(Dataset entries)
------------------------------------------------

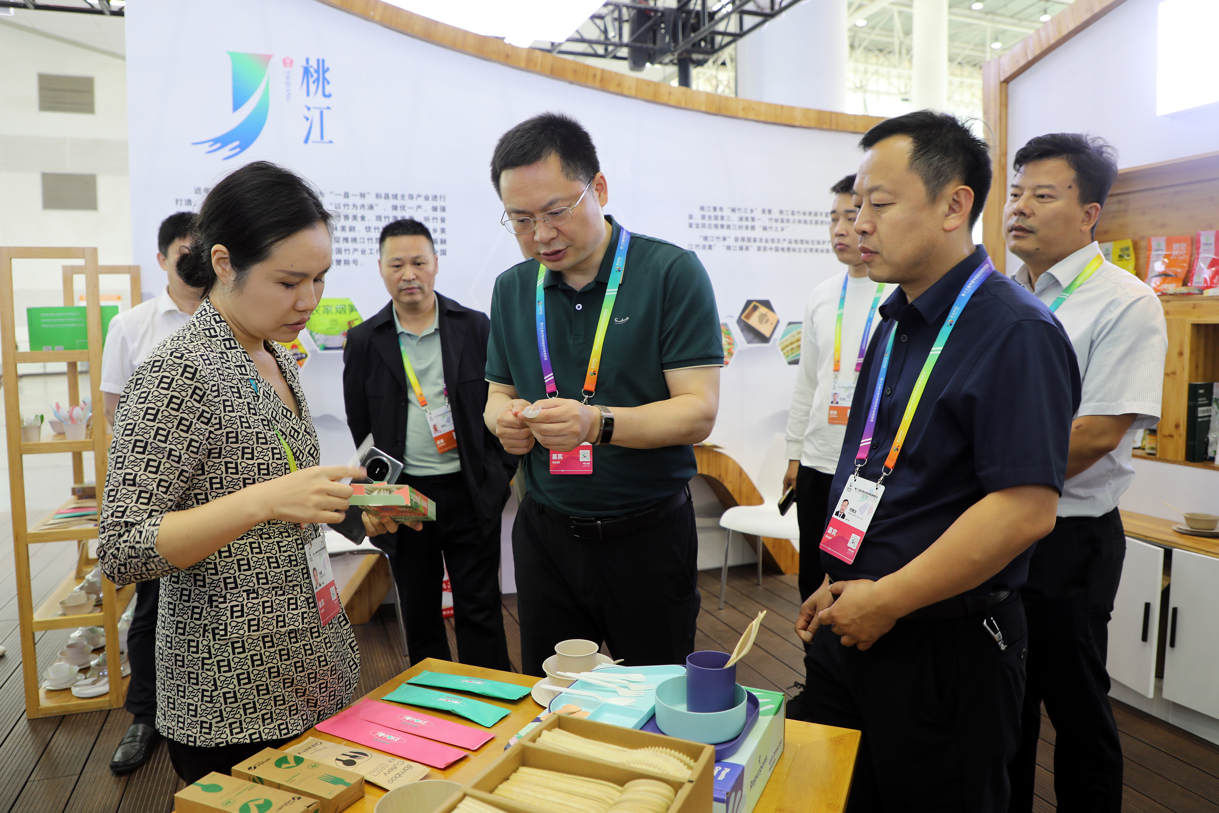 桃江竹产业主题特色馆亮相第十三届中博会 周登高巡馆
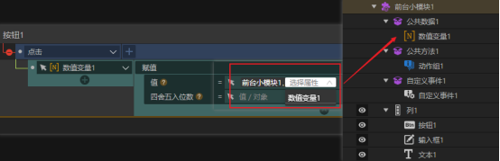 最后说明一下小模块中公共数据的更新当前数据至小模块动作,我们在小模块内部更新公共数据的值时,如果不添加这条动作,那么小模块内的公共数据已经被修改后显示的会是更新后的数据,但是从外部获取小模块属性时获取到的会依旧是更新之前的值,所以更新以及赋值后一定要记得加上这条动作。
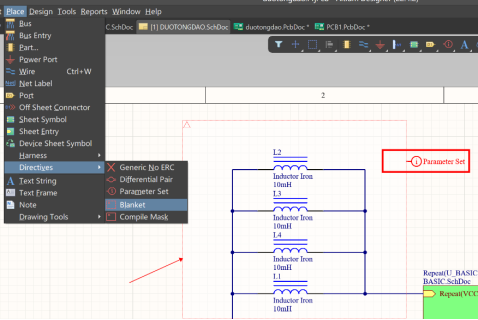 1. 執(zhí)行菜單“Place”—“Directives”—“Blanket”,將需要單獨設置的電路部分框在區(qū)域內(nèi)。
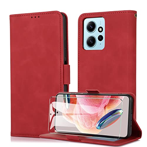 MOONESS Cover per Xiaomi Redmi Note 12 4G Custoida Pelle + Vetro temperato,Flip Premium protettiva portafoglio Case Per Xiaomi Redmi Note 12 4G - Rosso
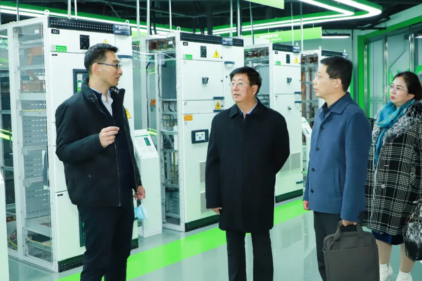 在北京工业职业技术学院相关部门负责人陪同下,冯印涛一行先后参观了施耐德电气城市能效管理工程师学院、中法能效管理应用人才培养和研究中心、建筑与测绘工程学院BIM建筑信息模型实训中心。
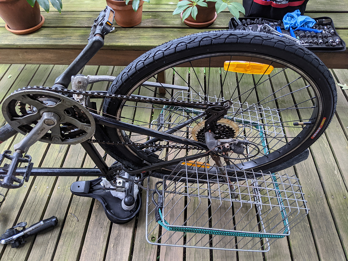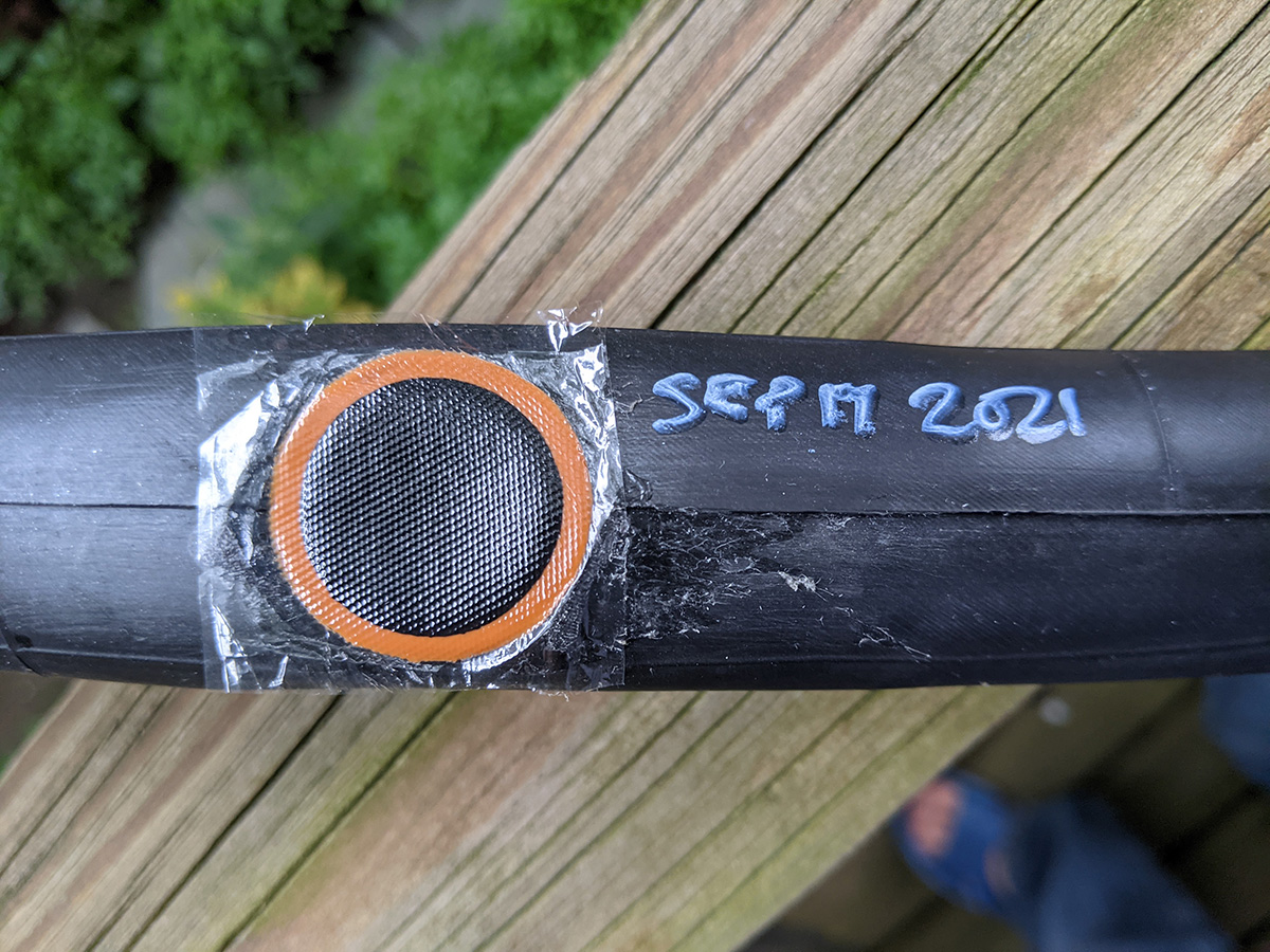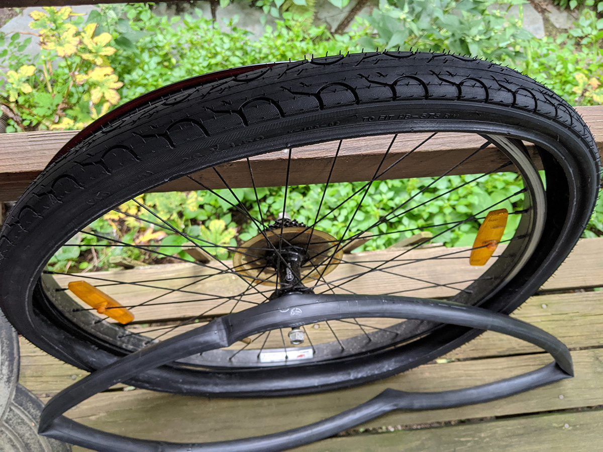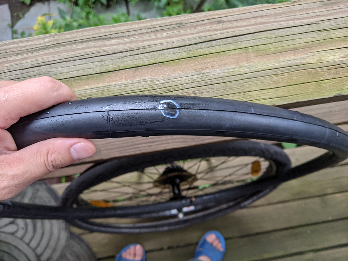 it ended up taking me 38 minutes to walk back home, 3x longer than if i was on the bike. after putting stuff away in the fridge, i gathered up my tools and proceded to fix the flat tire. pushing the flat tire for nearly 2 miles had basically damaged the tire, like shredded sidewalls, but i wasn't going to reuse that tire anyway, so it wasn't a big deal. my biggest concern was if it rim got damaged, but i checked, it was fine. i took off the tire and inner tube and brought the tube into the bathtub to check where it was leaking. this was a brand new tube that i just replaced back in july when i burst the previous tube. even though i had additional spare tubes, i was glad to see the tube itself was in good condition, just a tiny puncture hole on the opposite side of the inflation valve. it was a simply matter of roughing up the area with a steel brush, applying some rubber cement, than sticking on a rubber patch. i put the patched tube into the new tire and attached it to the rear wheel rim. it was just a good fit, i didn't even need tire levers. and with that i'm as good as new. the only other thing i need to install is the new chainwheel, which i bought back in march but still haven't replaced it yet.
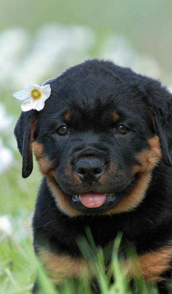 Обои Щенок ротвейлера с цветком
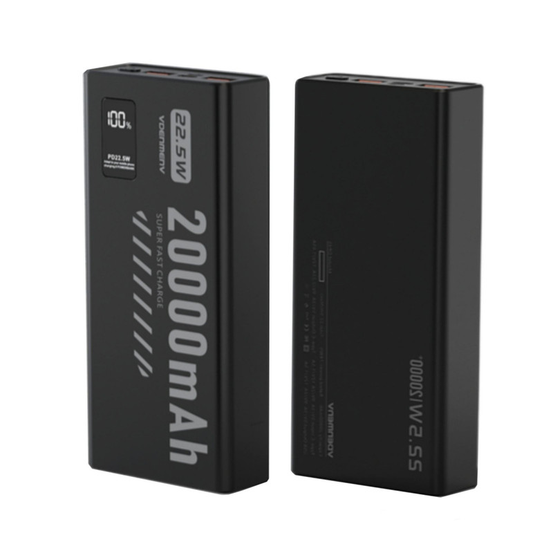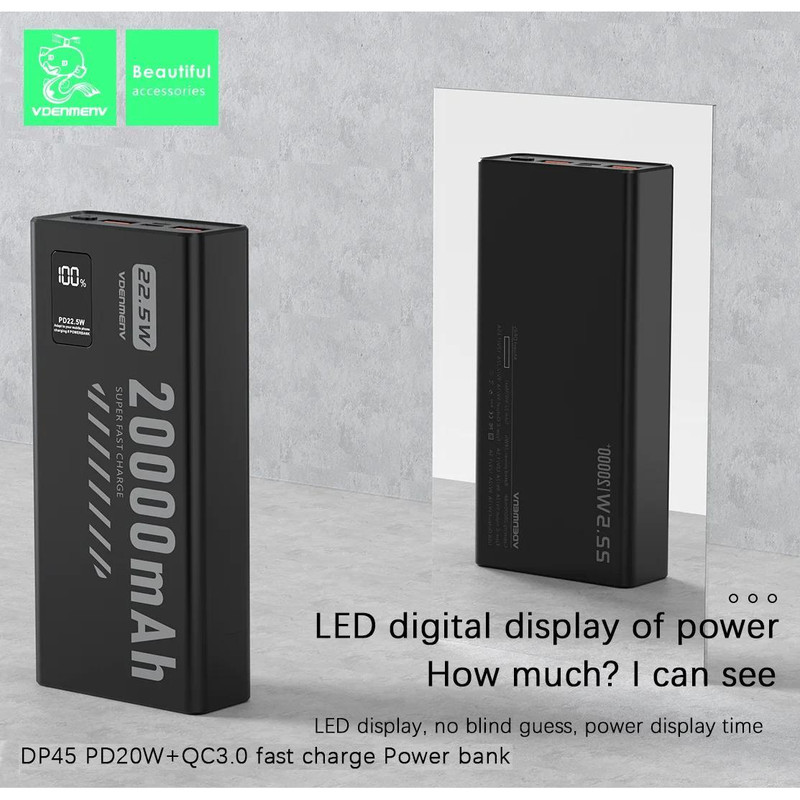 پاوربانک اورجینال V DENMEN V DP45 تولید شرکت وی دنمن از یک باتری لیتیومی با ظرفیت 20000 میلی آمپر ساعت بهره میبرد. با داشتن این پاوربانک دیگر بابت تمام شدن شارژ باتری گوشی موبایل، تبلت دوربین دیجیتال و لوازمی از این قبیل نگرانی نخواهید داشت؛ زیرا میتوانید در هر شرایطی بدون نیاز به پریز برق باتری گوشی موبایل یا دیگر لوازم سازگار با این محصول را تنها با استفاده از یک کابل USB شارژ کنید. در ساخت این دستگاه از تکنولوژی شارژ سریع Quick 3.0 Charge استفاده شده است. پشتیبانی از شارژ سریع به این معنی است که باتری دستگاه شما با کمک این پاوربانک سریعتر از شارژرهای معمولی شارژ خواهد شد. البته باید توجه داشته باشید که تکنولوژی شارژ سریع تنها با دستگاههای دارای استاندارد شارژ سریع و در دستگاههای معمولی امکان استفاده از این تکنولوژی وجود ندارد. با استفاده از نمایشگر LED تعبیه شده در این پاوربانک، شما میتوانید وضعیت شارژ باتری از طریق نمایشگر LED روی بدنه بررسی کنید. بدنه ی این پاوربانک از جنس پلاستیک است. توان کلی این دستگاه تا 22.5 وات میباشد و این دستگاه مجهز به فناوری PD نیز میباشد که قابلیت مناسبی برای کاربران گوشی های نسل جدید و آیفون میباشد.
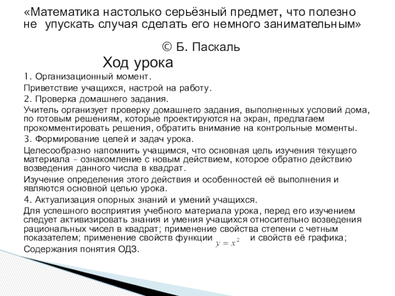 Для успешного восприятия учебного материала урока, перед его изучением следует активизировать знания и умения учащихся относительно возведения рациональных чисел в квадрат; применение свойства степени с четным показателем; применение свойств функции и свойств её графика;
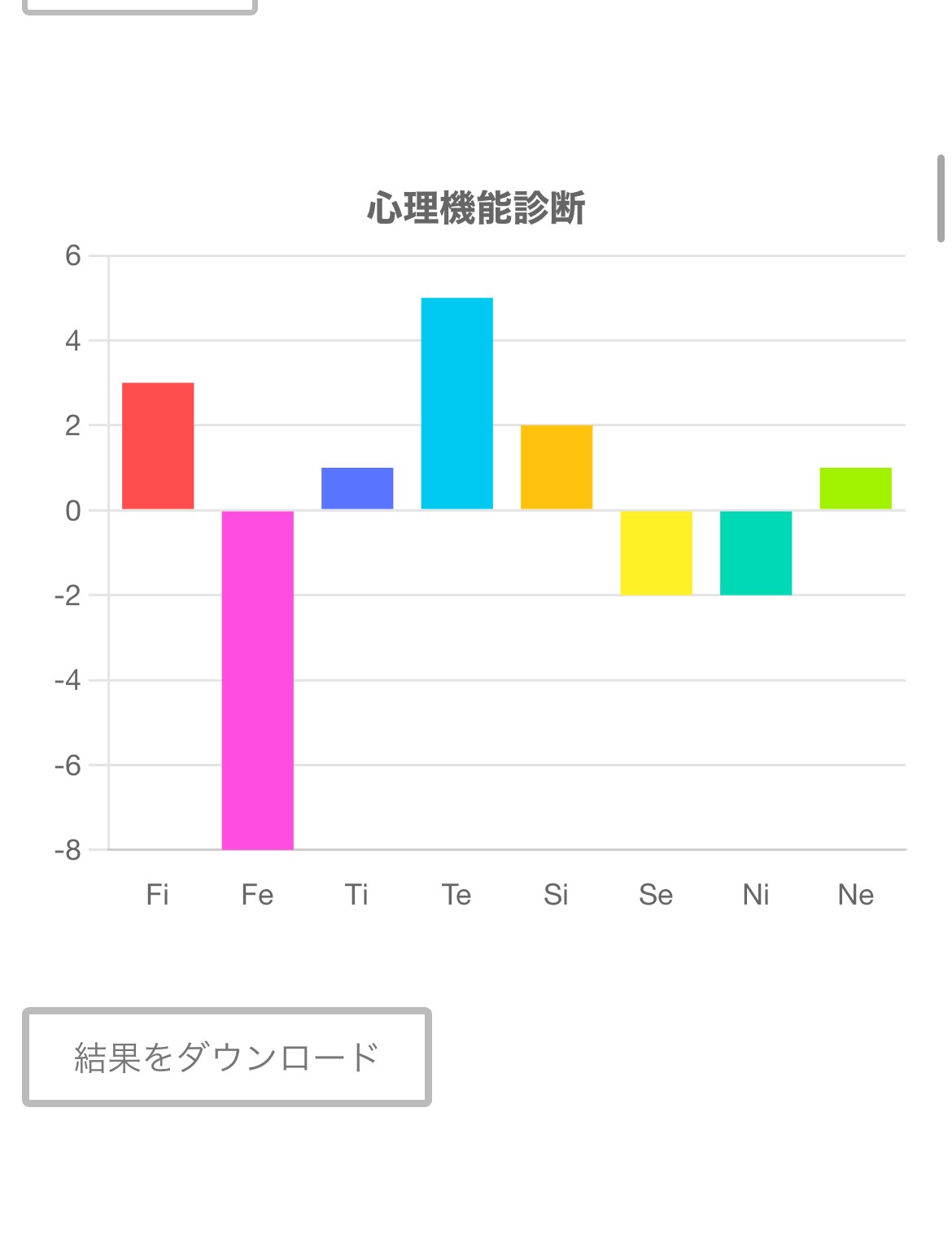 Fe,Niペアの合計値が最も高いので、この2つを選好するFe-Ni(ENFJ)、Ni-Fe(INFJ)の可能性が最も高いです。

------------------------------------------------

* **What is required**
Set down, exactly as written above, each line from the one with "Обои Щенок ротвейлера с цветком" through the one with "پاوربانک اورجینال V", and skip the pictures.

* **Written solution**
 Обои Щенок ротвейлера с цветком
 پاوربانک اورجینال V DENMEN V DP45 تولید شرکت وی دنمن از یک باتری لیتیومی با ظرفیت 20000 میلی آمپر ساعت بهره میبرد. با داشتن این پاوربانک دیگر بابت تمام شدن شارژ باتری گوشی موبایل، تبلت دوربین دیجیتال و لوازمی از این قبیل نگرانی نخواهید داشت؛ زیرا میتوانید در هر شرایطی بدون نیاز به پریز برق باتری گوشی موبایل یا دیگر لوازم سازگار با این محصول را تنها با استفاده از یک کابل USB شارژ کنید. در ساخت این دستگاه از تکنولوژی شارژ سریع Quick 3.0 Charge استفاده شده است. پشتیبانی از شارژ سریع به این معنی است که باتری دستگاه شما با کمک این پاوربانک سریعتر از شارژرهای معمولی شارژ خواهد شد. البته باید توجه داشته باشید که تکنولوژی شارژ سریع تنها با دستگاههای دارای استاندارد شارژ سریع و در دستگاههای معمولی امکان استفاده از این تکنولوژی وجود ندارد. با استفاده از نمایشگر LED تعبیه شده در این پاوربانک، شما میتوانید وضعیت شارژ باتری از طریق نمایشگر LED روی بدنه بررسی کنید. بدنه ی این پاوربانک از جنس پلاستیک است. توان کلی این دستگاه تا 22.5 وات میباشد و این دستگاه مجهز به فناوری PD نیز میباشد که قابلیت مناسبی برای کاربران گوشی های نسل جدید و آیفون میباشد.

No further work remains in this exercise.